▸ **What the task requires**: The required output is the lines from the one with "日本女子フライ級王座決定戦、" through the end of the data, repeated verbatim, with no pictures included.
[[ Data supplied, beginning ]]
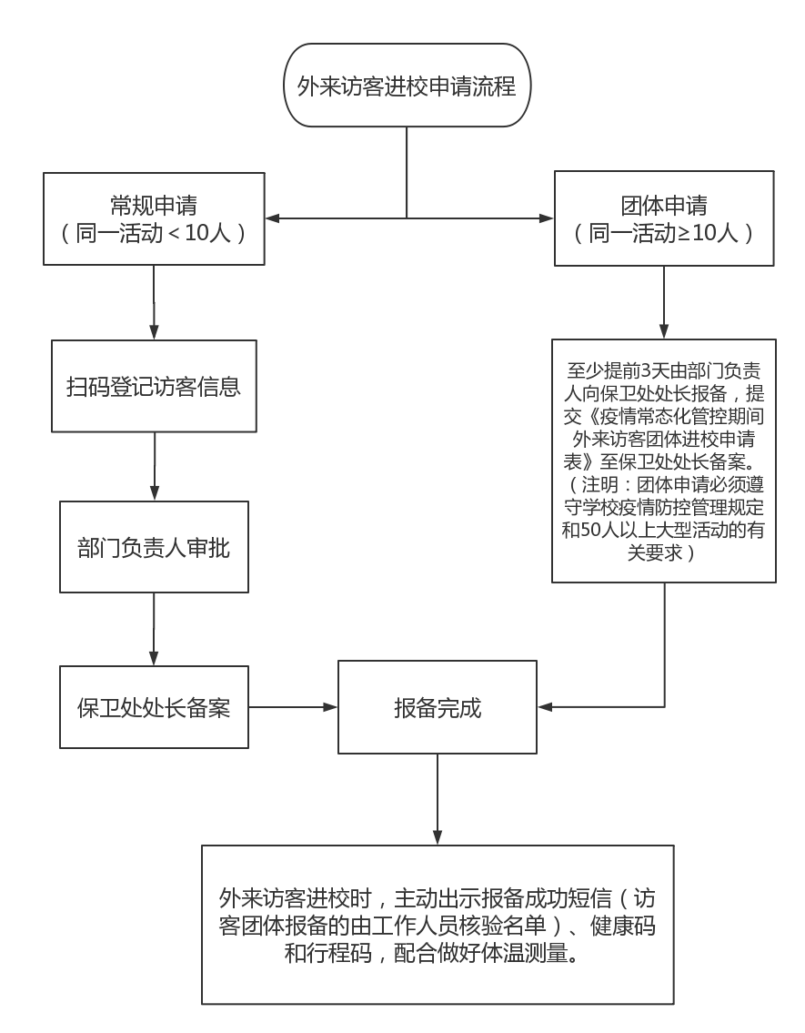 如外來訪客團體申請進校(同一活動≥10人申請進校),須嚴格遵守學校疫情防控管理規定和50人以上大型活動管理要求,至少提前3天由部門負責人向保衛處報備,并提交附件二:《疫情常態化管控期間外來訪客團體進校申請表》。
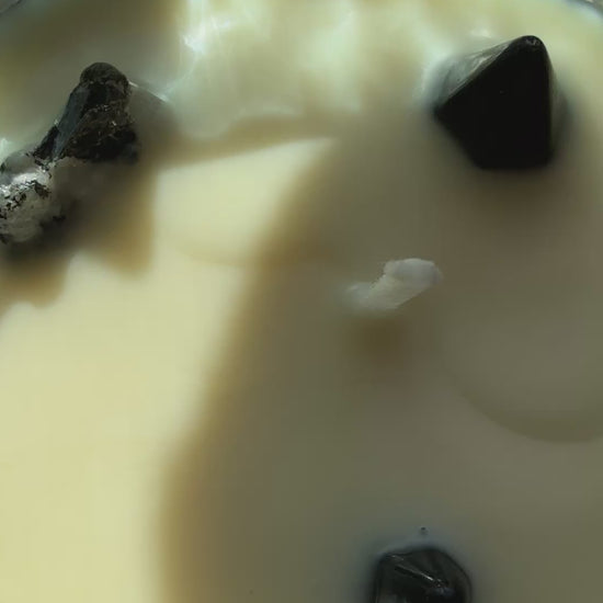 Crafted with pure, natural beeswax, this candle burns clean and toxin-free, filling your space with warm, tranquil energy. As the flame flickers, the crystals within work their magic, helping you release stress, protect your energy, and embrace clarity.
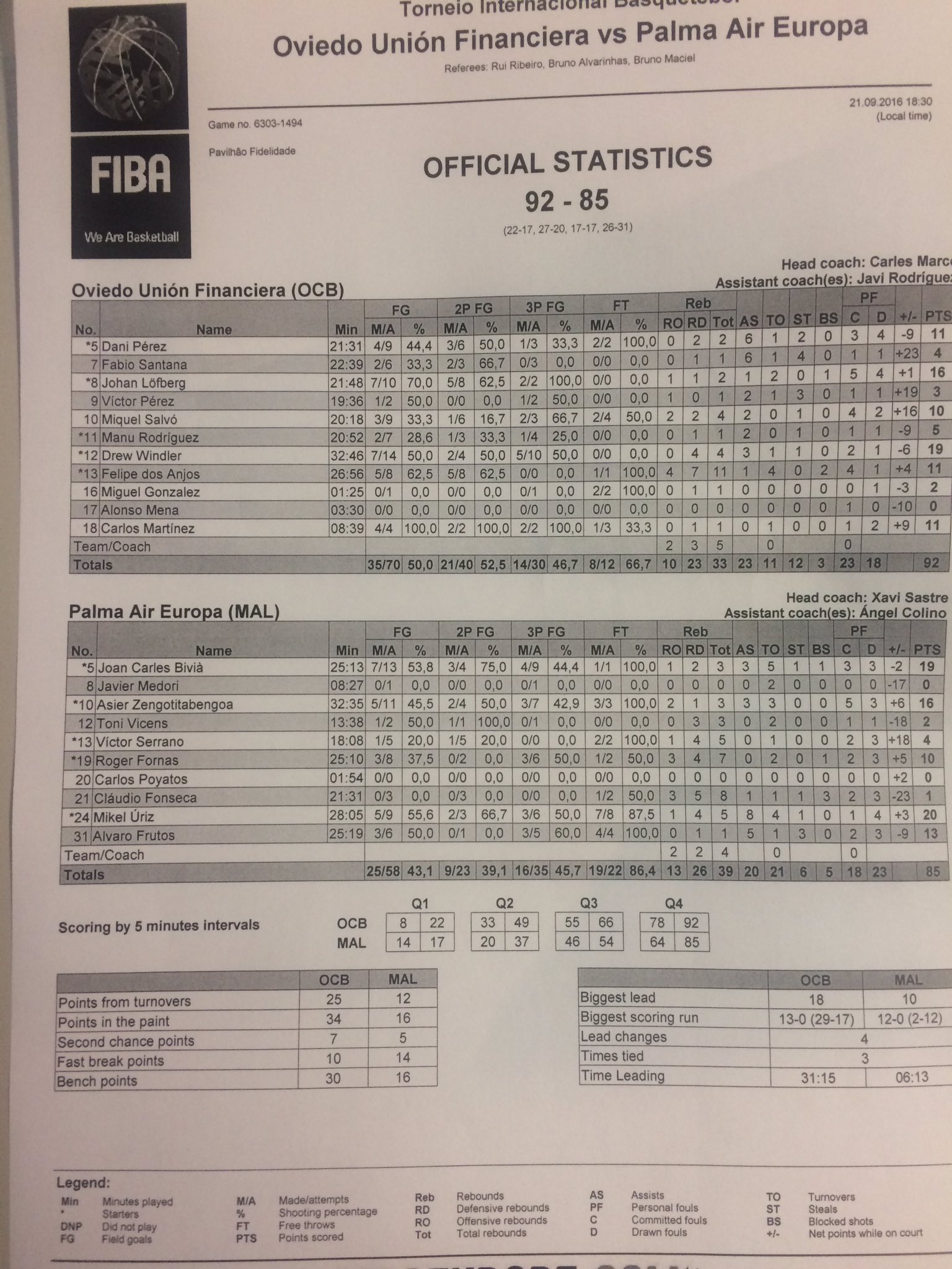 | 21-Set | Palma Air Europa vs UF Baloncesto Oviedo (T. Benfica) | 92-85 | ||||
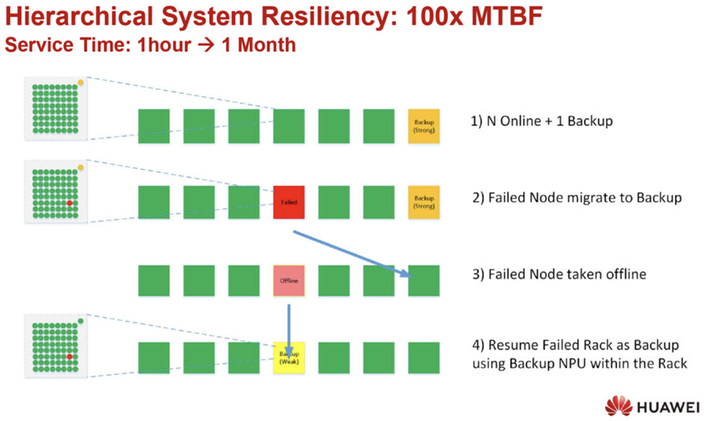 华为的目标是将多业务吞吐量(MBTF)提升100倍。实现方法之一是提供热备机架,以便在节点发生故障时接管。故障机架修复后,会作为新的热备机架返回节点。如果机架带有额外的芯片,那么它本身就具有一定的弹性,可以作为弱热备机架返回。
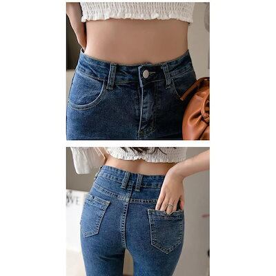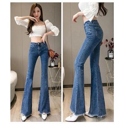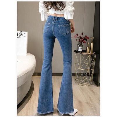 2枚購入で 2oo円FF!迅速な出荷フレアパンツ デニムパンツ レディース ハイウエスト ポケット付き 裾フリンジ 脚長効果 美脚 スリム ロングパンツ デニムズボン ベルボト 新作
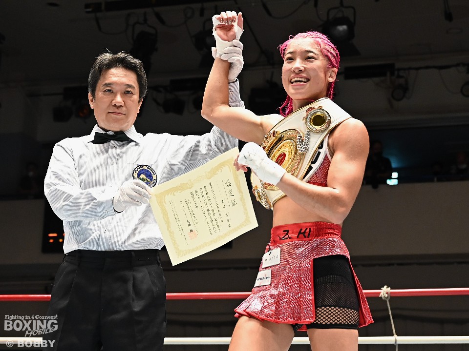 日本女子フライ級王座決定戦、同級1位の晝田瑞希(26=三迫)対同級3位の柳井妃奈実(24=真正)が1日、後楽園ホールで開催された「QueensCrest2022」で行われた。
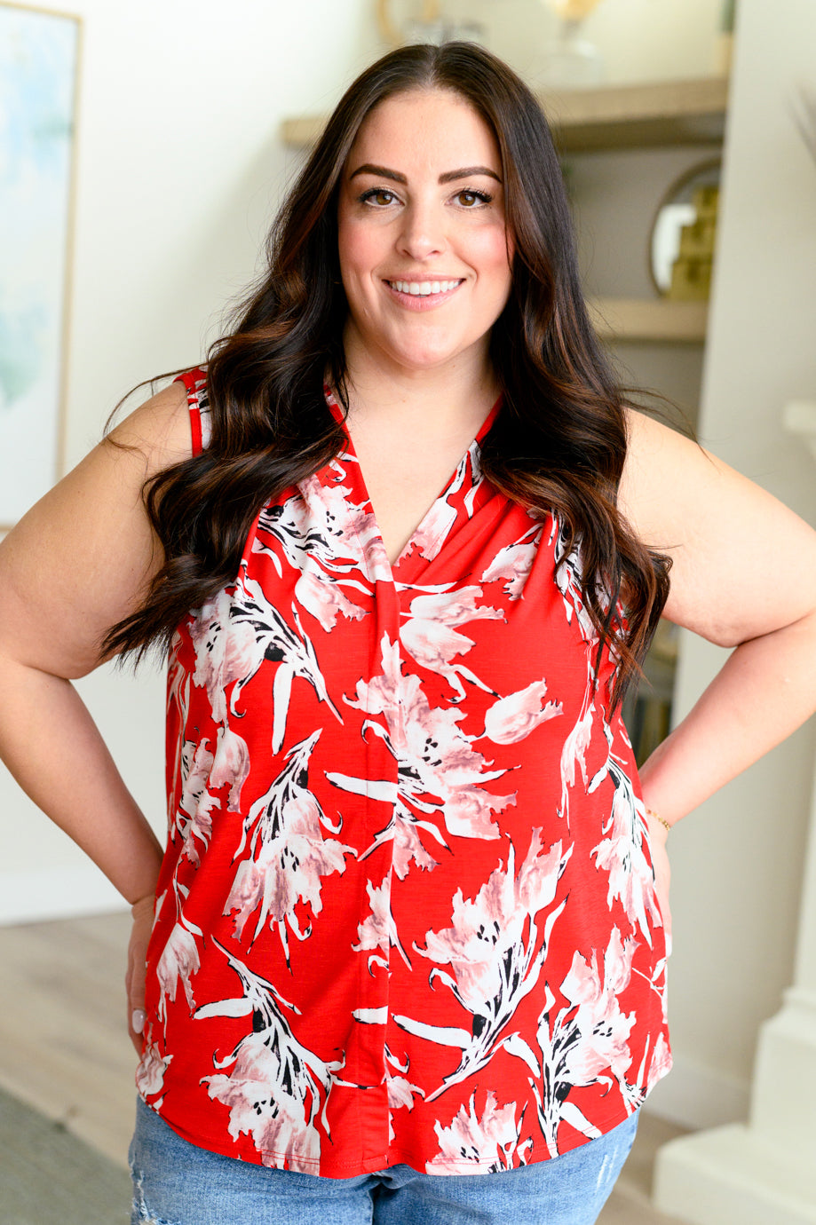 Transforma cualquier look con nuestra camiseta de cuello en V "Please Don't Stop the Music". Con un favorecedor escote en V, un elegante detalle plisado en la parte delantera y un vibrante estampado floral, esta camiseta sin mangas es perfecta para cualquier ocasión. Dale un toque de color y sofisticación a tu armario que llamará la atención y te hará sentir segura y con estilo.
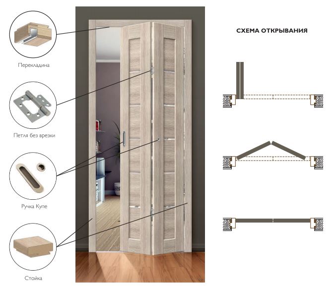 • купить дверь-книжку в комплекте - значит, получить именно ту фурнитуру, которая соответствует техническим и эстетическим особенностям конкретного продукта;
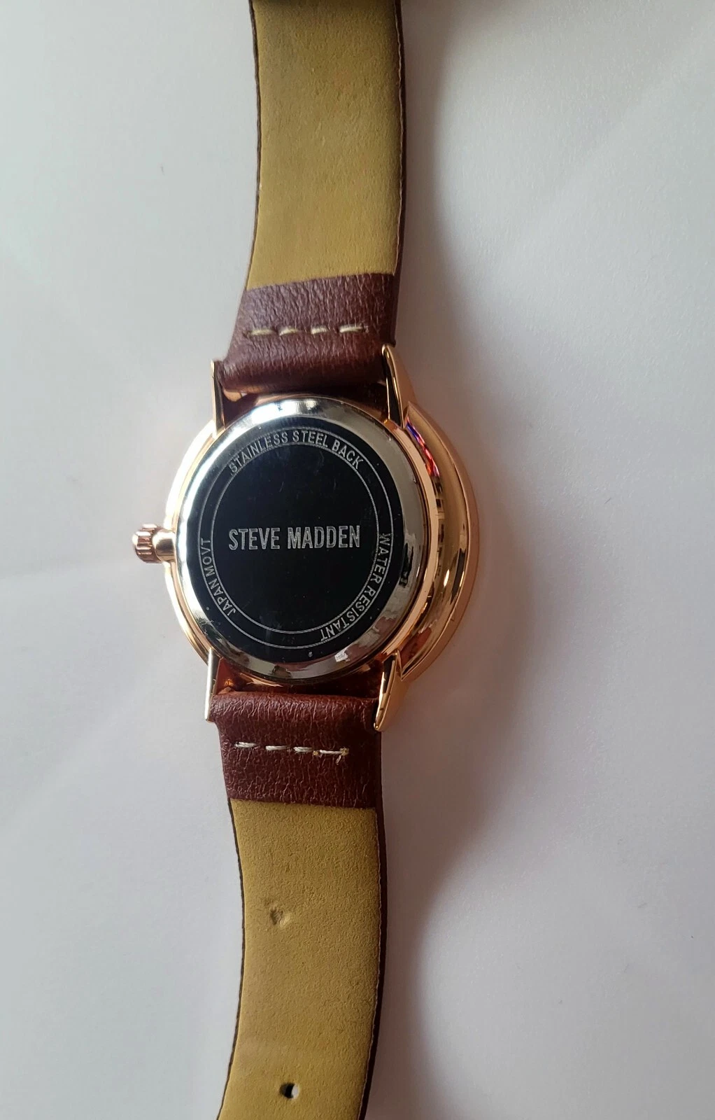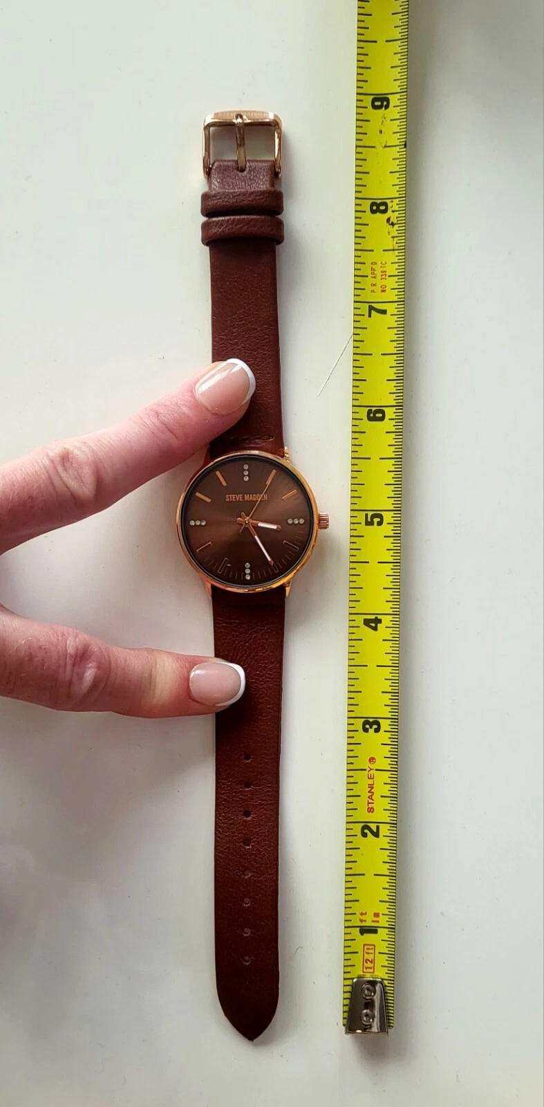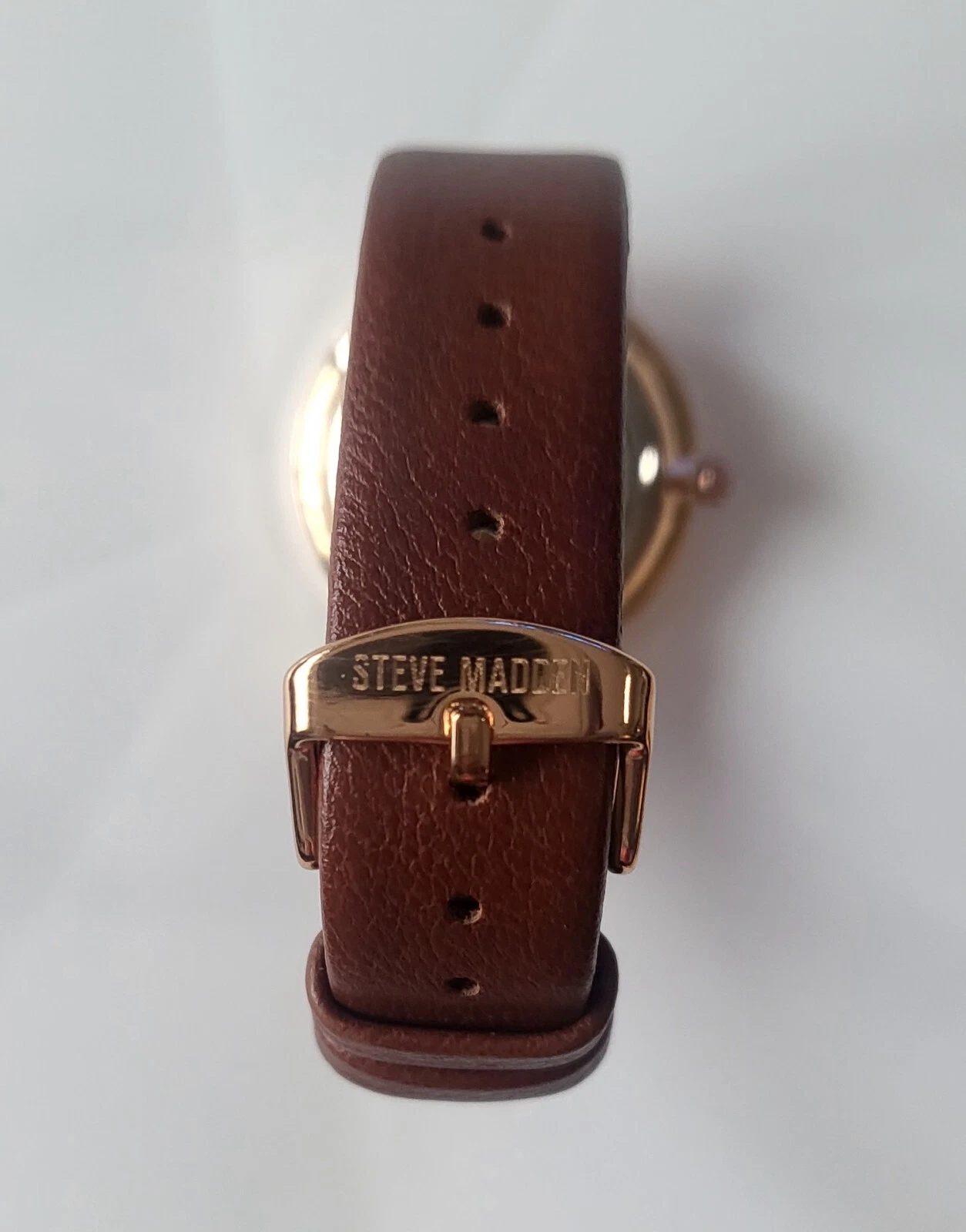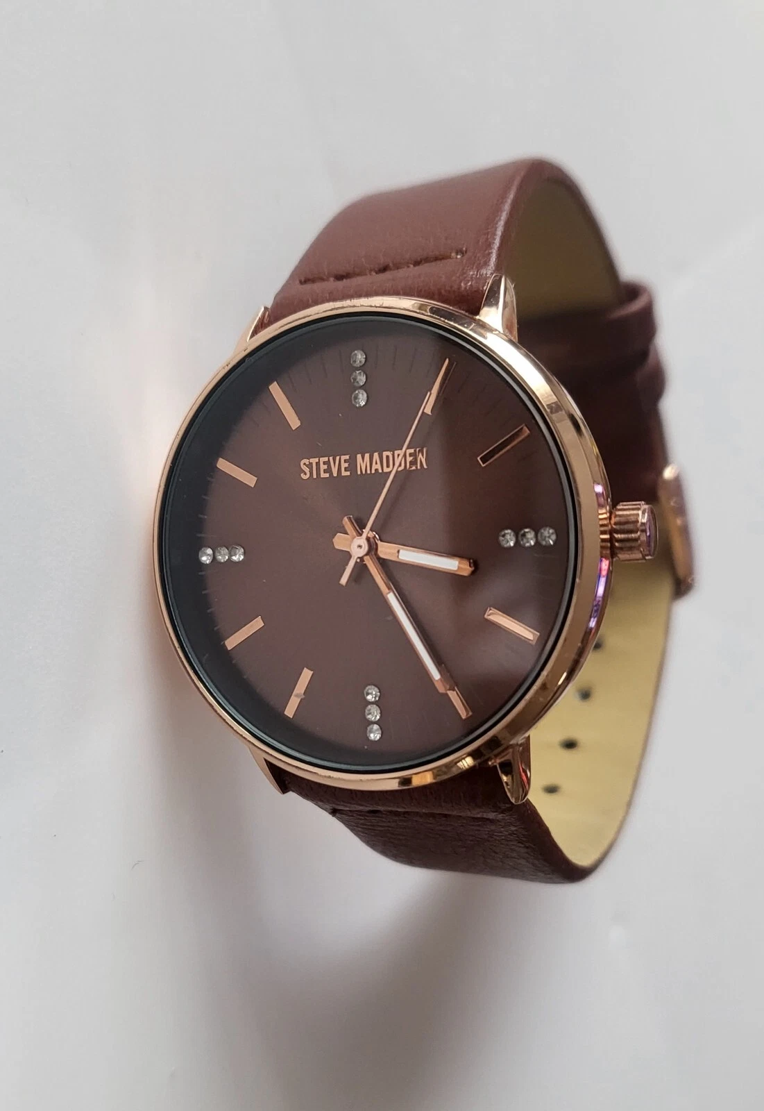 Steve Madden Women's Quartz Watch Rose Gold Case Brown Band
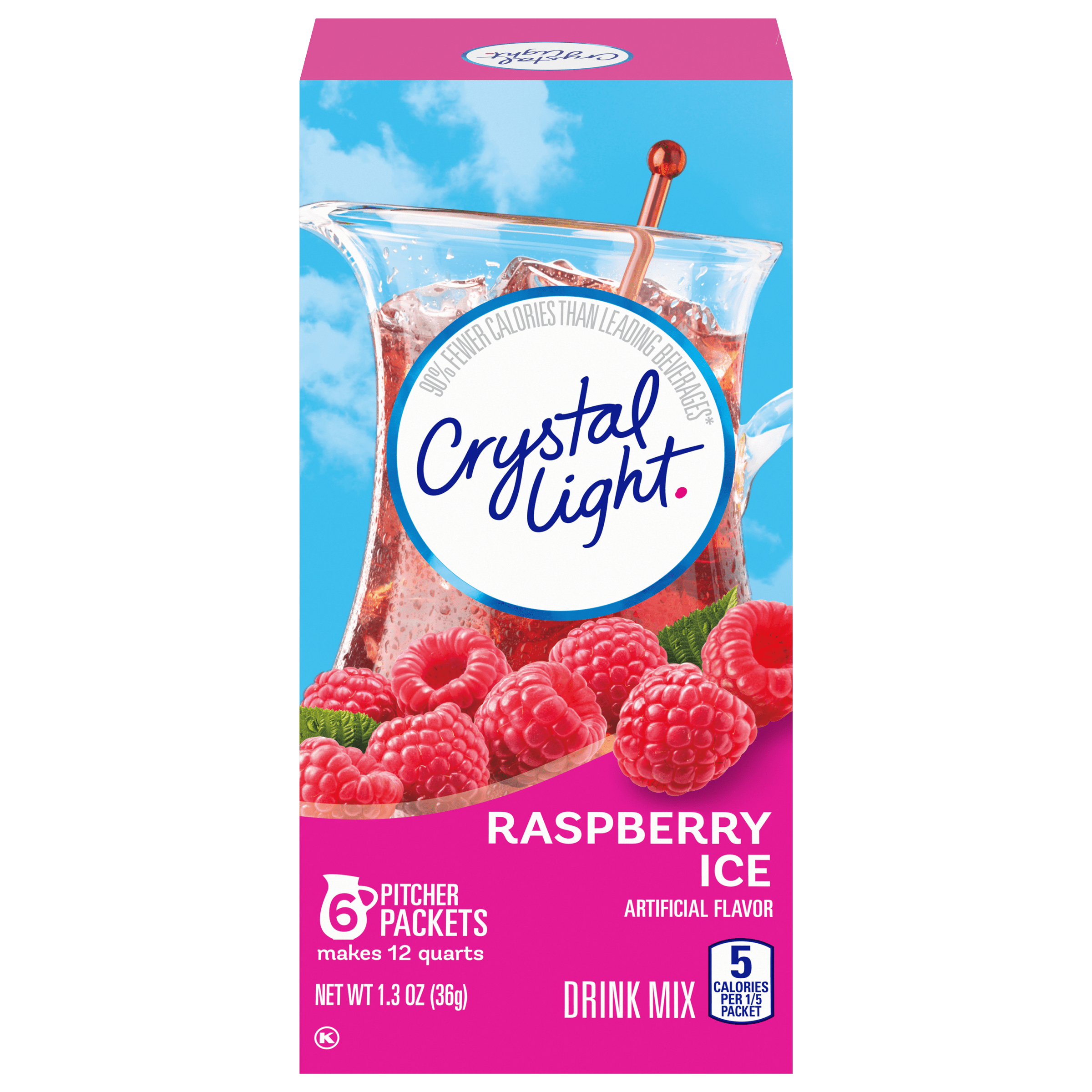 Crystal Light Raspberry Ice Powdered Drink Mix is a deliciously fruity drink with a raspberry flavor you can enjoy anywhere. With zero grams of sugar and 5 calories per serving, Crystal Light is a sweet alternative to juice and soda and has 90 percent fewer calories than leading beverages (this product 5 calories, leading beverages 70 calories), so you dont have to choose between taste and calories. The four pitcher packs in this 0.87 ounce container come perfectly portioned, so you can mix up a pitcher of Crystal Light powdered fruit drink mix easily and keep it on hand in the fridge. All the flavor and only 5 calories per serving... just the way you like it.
[[ Data supplied, end ]]
▸ **Task answer**:
 日本女子フライ級王座決定戦、同級1位の晝田瑞希(26=三迫)対同級3位の柳井妃奈実(24=真正)が1日、後楽園ホールで開催された「QueensCrest2022」で行われた。
 Transforma cualquier look con nuestra camiseta de cuello en V "Please Don't Stop the Music". Con un favorecedor escote en V, un elegante detalle plisado en la parte delantera y un vibrante estampado floral, esta camiseta sin mangas es perfecta para cualquier ocasión. Dale un toque de color y sofisticación a tu armario que llamará la atención y te hará sentir segura y con estilo.
 • купить дверь-книжку в комплекте - значит, получить именно ту фурнитуру, которая соответствует техническим и эстетическим особенностям конкретного продукта;
 Steve Madden Women's Quartz Watch Rose Gold Case Brown Band
 Crystal Light Raspberry Ice Powdered Drink Mix is a deliciously fruity drink with a raspberry flavor you can enjoy anywhere. With zero grams of sugar and 5 calories per serving, Crystal Light is a sweet alternative to juice and soda and has 90 percent fewer calories than leading beverages (this product 5 calories, leading beverages 70 calories), so you dont have to choose between taste and calories. The four pitcher packs in this 0.87 ounce container come perfectly portioned, so you can mix up a pitcher of Crystal Light powdered fruit drink mix easily and keep it on hand in the fridge. All the flavor and only 5 calories per serving... just the way you like it.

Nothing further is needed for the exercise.